There's no way crypto currency is disappearing, and there's no way bitcoin is getting replaced. Do you think companies like Dell, Microsoft, Expedia, Newegg and others will even look at a new crypto currency until if & when bitcoin proves itself? Of course not. They're already taking a risk by accepting bitcoin, so there's no way we're going to start seeing press releases from them saying, "we now accept 'MyKickAss' coin".
 
Want my prediction? Hard fork will happen sometime in the next 12 months, which will cause the price to plummet to about $30. After that, scalability will be in place, and over the next 24 months you'll see it truly take hold, and become an actual payment network.
GAWD :stonedsmilie: $30/coin would be a speculator's wet dream. :rasta:
 
What do you think LukeP, do you think bitcoin will hit $30 within the next year?

I sure fucking hope so, I'll be all in. Even at $100.
 
GAWD :stonedsmilie: $30/coin would be a speculator's wet dream.

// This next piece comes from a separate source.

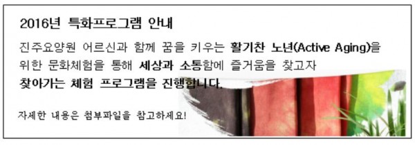 2016년 진주요양원 특화프로그램 안내 페이지 정보 작성자 웹마스터 댓글 0건 조회 4,453회 작성일 16-05-24 14:56 목록 본문 2016년 6월 3일(금)에 진행될 특화프로그램을 안내해드리고자 합니다. 추천198 첨부파일 14642493852.hwp (526.0K) 87회 다운로드 | DATE : 2016-05-24 14:56:07
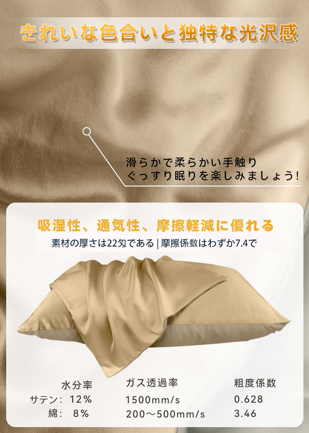ottosvo 枕カバー 両面サテン 22匁 封筒式枕カバー 洗える サテンまくらカバー 良い通気性 うるつや髪 美髪 肌に優しい 摩擦軽減 防ダニ 抗菌防臭 サラサラ 四季適応 贈り物 プレゼント最適 ピローケース 1枚セット(43x63cm シャンパンゴールド)

If Gavin Anderson gets his wish of a hard fork, that's probably exactly what will happen. It's like pushing reset on the entire eco-system.

Thing is, I think adoption is widespread enough to actually pull it off. I know we'd be on board, and would immediately make the necessary changes to conform to the new protocol, so we could continue humming along accepting BTC. And I'm sure the same goes for a good chunk of bitcoin based companies.

And I wouldn't be surprised if a hard fork happens sometime in the future, because well, we don't really have a choice. Either we stay with the current technical limitations, or do a hard fork, and get better scalability in place. I'm assuming the latter is going to happen.